An example of one of the initiatives that emerged from the research, which was suggested by front-line care staff, was the importance of a good induction process.
“If you’ve got casual people coming into the workforce because of a high number of staff absences and staff shortages, then it’s vitally important that you’ve got good ways of getting people up to speed very quickly with the people and the processes,” Professor Parker explained.
“Yet many of the organisations that we work with do not have good systems for that, which has significant consequences for the stress levels of the entire workforce. That is a very small change, but it can make a very big difference, which is what this project’s all about – uncovering those little gems that are really going to make a practical difference.”
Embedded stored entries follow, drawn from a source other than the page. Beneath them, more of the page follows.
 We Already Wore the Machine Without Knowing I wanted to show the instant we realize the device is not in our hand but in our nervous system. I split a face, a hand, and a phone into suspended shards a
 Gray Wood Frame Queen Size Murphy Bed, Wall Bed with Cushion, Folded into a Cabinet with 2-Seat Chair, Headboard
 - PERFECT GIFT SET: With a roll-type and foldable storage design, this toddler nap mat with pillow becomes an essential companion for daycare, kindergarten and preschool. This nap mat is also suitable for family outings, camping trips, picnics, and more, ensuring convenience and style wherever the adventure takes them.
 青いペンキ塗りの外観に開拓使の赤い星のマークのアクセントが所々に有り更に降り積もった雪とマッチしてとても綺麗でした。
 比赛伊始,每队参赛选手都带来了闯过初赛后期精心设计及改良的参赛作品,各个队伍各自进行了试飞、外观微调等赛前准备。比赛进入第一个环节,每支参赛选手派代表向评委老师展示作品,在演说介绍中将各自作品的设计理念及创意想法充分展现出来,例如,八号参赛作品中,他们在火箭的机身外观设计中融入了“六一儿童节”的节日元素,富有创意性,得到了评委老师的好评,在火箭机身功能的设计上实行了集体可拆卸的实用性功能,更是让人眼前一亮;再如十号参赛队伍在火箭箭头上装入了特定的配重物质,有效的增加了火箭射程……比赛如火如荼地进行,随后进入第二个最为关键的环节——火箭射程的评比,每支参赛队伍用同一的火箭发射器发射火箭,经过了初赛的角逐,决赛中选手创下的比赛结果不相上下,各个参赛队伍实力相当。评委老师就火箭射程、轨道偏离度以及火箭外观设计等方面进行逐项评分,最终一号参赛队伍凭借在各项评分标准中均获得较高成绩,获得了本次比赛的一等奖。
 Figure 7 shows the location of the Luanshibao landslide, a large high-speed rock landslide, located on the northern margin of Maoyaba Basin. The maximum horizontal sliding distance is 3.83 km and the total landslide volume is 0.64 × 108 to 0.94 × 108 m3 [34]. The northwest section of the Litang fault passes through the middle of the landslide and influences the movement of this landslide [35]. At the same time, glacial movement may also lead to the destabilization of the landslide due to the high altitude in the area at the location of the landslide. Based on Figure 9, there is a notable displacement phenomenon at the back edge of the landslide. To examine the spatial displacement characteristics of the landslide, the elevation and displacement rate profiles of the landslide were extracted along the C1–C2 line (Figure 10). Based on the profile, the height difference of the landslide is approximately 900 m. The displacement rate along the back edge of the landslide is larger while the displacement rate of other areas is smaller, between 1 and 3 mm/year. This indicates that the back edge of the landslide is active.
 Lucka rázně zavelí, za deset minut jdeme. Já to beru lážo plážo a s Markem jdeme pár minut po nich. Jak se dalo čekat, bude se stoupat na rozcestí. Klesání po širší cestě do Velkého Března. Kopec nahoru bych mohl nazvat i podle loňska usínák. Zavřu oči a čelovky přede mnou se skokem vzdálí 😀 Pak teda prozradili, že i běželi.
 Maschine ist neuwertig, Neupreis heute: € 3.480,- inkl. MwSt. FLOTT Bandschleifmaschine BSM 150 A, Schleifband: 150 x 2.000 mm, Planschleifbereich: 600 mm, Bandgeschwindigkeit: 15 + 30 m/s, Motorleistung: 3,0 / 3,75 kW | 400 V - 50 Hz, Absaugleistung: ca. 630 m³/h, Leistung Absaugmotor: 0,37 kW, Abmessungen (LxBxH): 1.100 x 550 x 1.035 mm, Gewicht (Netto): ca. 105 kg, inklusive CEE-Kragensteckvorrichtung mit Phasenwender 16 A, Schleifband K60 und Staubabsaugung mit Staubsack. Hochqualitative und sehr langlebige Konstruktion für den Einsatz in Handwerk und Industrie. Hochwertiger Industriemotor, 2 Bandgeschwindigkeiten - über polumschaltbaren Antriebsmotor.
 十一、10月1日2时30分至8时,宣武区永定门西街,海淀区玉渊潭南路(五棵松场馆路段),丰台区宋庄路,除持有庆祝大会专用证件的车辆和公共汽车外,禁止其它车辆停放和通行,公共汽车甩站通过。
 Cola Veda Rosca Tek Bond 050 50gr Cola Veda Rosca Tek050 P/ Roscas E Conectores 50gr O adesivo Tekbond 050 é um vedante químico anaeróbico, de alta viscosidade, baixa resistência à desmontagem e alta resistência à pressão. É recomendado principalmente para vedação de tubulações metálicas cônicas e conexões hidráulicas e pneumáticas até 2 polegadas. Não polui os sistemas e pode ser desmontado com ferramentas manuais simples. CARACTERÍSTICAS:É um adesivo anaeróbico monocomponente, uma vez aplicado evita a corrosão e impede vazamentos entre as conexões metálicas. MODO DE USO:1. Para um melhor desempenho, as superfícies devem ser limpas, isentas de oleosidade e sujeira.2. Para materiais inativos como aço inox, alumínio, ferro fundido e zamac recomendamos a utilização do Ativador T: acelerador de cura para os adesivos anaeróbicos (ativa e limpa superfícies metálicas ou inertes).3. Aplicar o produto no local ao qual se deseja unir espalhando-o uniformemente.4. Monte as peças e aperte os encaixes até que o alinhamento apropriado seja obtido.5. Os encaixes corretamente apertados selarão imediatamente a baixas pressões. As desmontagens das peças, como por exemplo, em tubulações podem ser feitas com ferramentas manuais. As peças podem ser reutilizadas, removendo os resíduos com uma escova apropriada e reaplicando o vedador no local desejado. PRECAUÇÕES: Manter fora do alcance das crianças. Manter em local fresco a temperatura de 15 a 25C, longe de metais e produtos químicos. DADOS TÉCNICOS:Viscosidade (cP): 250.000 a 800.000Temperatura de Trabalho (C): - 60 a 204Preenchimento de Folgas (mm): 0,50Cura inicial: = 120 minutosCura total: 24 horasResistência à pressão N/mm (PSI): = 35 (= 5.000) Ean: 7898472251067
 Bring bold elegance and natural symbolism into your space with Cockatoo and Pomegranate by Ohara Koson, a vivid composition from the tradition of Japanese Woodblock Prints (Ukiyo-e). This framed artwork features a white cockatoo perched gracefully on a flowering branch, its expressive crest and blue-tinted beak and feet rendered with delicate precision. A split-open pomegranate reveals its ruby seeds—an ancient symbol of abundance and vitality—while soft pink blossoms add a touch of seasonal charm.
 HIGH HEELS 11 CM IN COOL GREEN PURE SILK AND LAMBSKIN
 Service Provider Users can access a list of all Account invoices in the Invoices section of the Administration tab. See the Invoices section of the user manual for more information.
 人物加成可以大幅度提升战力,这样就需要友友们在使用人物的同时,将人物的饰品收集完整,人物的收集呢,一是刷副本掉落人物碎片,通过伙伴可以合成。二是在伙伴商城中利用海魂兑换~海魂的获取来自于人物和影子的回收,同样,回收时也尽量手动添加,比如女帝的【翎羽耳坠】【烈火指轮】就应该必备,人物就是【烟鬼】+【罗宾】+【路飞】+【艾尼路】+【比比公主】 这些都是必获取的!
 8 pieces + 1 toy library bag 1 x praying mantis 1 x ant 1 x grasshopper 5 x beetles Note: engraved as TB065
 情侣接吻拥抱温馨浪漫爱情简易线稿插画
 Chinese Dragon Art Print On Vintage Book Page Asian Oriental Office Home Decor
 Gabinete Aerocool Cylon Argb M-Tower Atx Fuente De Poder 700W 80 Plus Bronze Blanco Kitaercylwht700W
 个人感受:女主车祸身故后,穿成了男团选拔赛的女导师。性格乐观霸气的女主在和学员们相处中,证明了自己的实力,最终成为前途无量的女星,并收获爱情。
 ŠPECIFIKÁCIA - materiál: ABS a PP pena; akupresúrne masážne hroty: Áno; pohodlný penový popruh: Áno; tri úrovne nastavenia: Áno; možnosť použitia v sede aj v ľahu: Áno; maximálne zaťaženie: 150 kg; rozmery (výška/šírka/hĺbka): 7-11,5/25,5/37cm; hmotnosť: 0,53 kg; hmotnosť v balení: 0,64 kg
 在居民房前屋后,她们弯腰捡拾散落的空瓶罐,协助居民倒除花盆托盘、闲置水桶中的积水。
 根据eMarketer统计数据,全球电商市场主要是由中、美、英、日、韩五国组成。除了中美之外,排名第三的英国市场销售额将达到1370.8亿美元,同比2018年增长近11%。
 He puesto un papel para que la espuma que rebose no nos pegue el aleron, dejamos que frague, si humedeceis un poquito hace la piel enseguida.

Professor Parker highlighted that there has been a concerted focus on bringing business theory into the health sector, using approaches such as lean production systems and quality improvement.
“Yet there’s been less attention to improving the actual work of the staff themselves, but I think that is what we’re starting to see emerge now,” she said.
“And in fact, it has been partly generated by changes to work health and safety laws, which are making it crystal clear that this needs to happen. But I do not think anyone would argue that when you create work that is good for the workers, the people performing that role, then you are also going to create better quality care as a direct result.”